*** Begin section ***

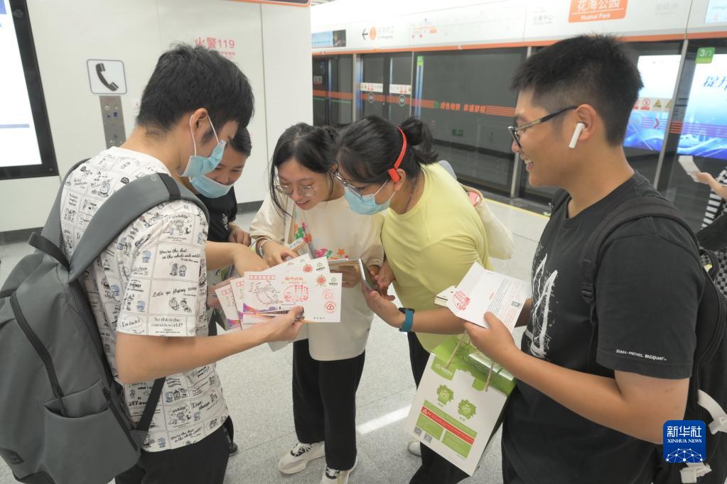 8月27日,乘客在地铁花海公园站翻看4号环线首通段载客运营首日封。
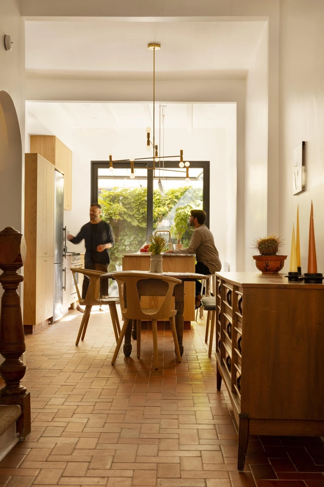 Перед хозяевами стояла нелегкая задача: обновить таунхаус викторианской эпохи, восстановив исторические детали, утраченные в ходе реконструкции 1980-х годов, привнести больше света в интерьер, при условии, что окна находятся только с двух сторон здания, а также организовать отдельный офис для встреч с заказчиками. К слову, Майкл и Матье изначально собирались отремонтировать только кухню, но «когда начали ломать, остановиться уже не смогли».
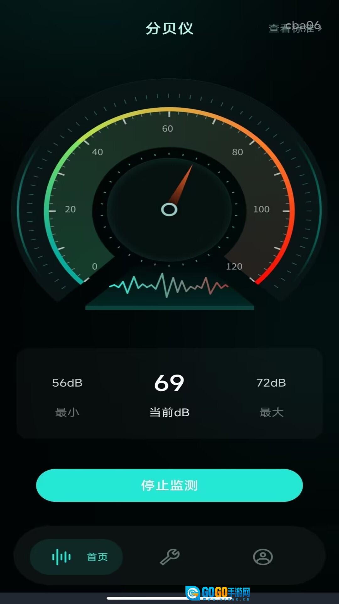 打开首页后,屏幕会实时呈现当前环境的分贝数值,让噪音水平得到直观体现。
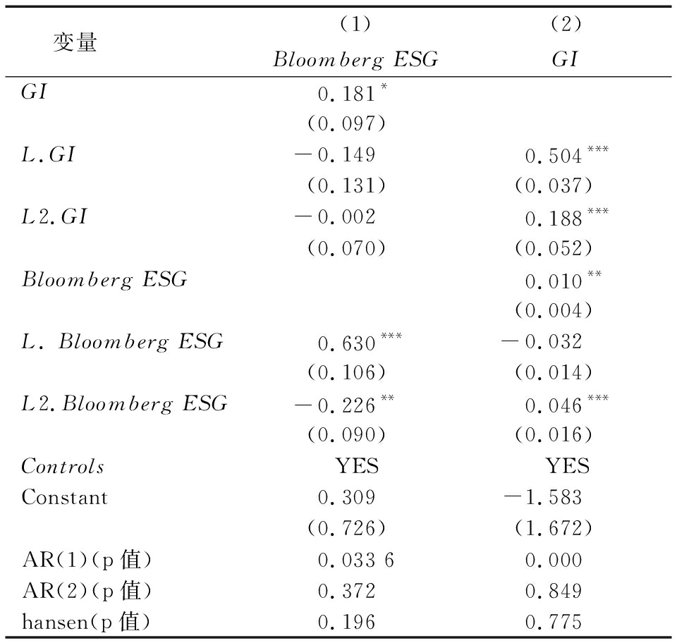 上述检验结果未发生实质变化,说明假设检验结果稳健。表5列(1)结果显示,GI系数为0.181且在10%水平上显著,进一步证实H1。表5列(2)结果显示,Bloomberg ESG系数为0.010且在5%水平上显著,L2.Bloomberg ESG系数为0.046且在1%水平上显著,进一步证实假设H2。
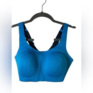 Brooks Dare Scoopback Run Bra in a vibrant blue and navy colorway, size Small. Engineered for high-impact support with molded cups, breathable laser-cut perforations, and adjustable straps that convert from scoop back to racerback. Features a secure back hook-and-eye closure and soft, chafe-free fabric. Ideal for running, training, or high-intensity workouts. Gently used and in excellent condition.
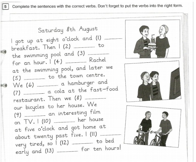 1)had 2)went 3) 4)saw 5)went 6)ate 7) drank 8) rode 9) watched 10) left 11) was 12) went 3)swam
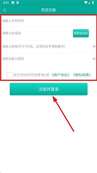 4、在頁(yè)面中,依次在輸入框中輸入信息,勾選我已閱讀并同意用戶協(xié)議隱私政策,點(diǎn)擊注冊(cè)并登錄。
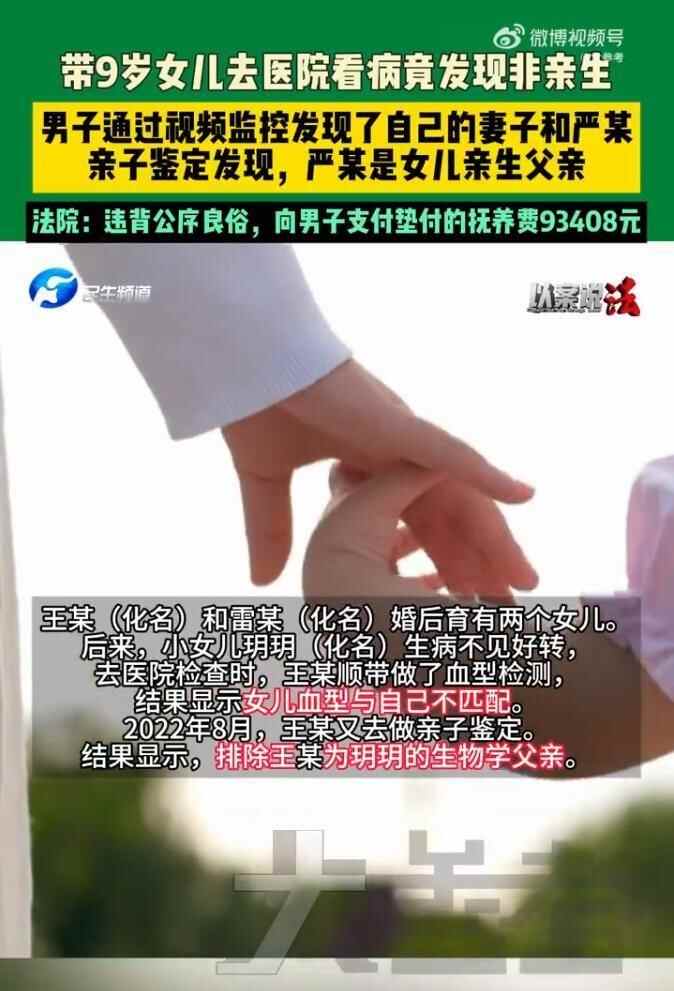 湖北枣阳。王某和雷某(均为化名)婚后育有两个女儿,有次王某带9岁的小女儿去看病时,顺便做了血型检测,竟然发现小女儿可能非自己亲生。随后通过亲子鉴定证实了这一猜测,但妻子雷某却否认鉴定书的真实性。王某经过调查,怀疑严某(化名)是小女儿的生父,通过亲子鉴定也证实了这一猜测。王某一气之下将严某告上法庭,索要114036元的抚养费。
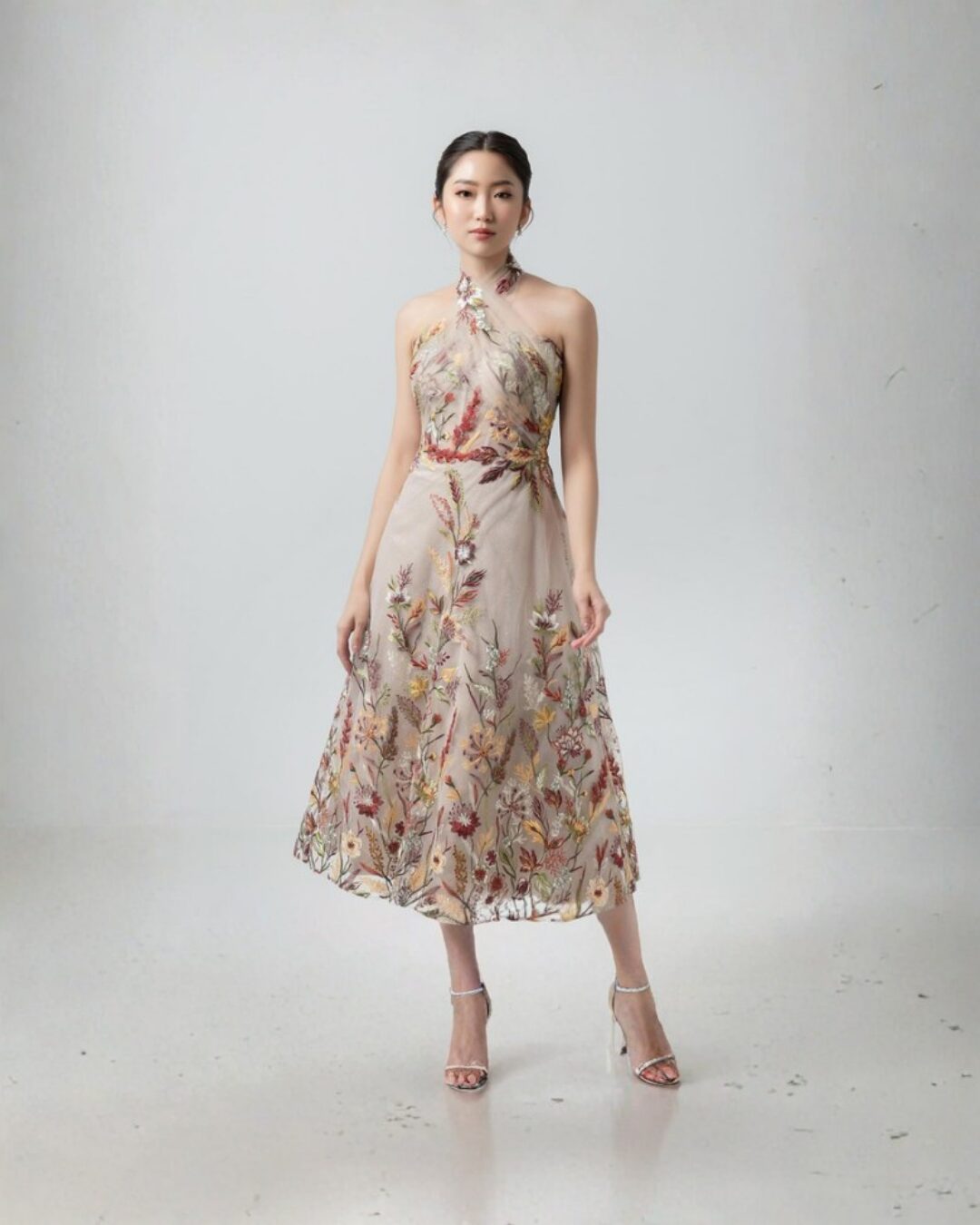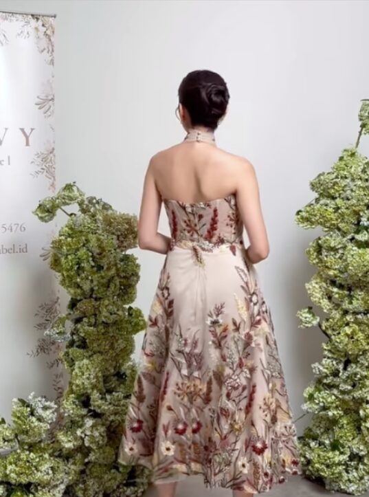 Savvy The Label • Nude • Size: S • Dress • Long Dress • Fr bust: 105 Fr waist: 80 • Party Guest • Floral • B 78-82 / W 66-70 • Original Price: Rp3,580,000 • Deposit Rp300,000

*** End section ***

Problem to solve: Beginning at the first line of the listing, print each line exactly until and including the one that has "打开首页后,屏幕会实时呈现当前环境的分贝数值,让噪音水平得到直观体现。"; skip pictures.

Output for this task:
 8月27日,乘客在地铁花海公园站翻看4号环线首通段载客运营首日封。
 Перед хозяевами стояла нелегкая задача: обновить таунхаус викторианской эпохи, восстановив исторические детали, утраченные в ходе реконструкции 1980-х годов, привнести больше света в интерьер, при условии, что окна находятся только с двух сторон здания, а также организовать отдельный офис для встреч с заказчиками. К слову, Майкл и Матье изначально собирались отремонтировать только кухню, но «когда начали ломать, остановиться уже не смогли».
 打开首页后,屏幕会实时呈现当前环境的分贝数值,让噪音水平得到直观体现。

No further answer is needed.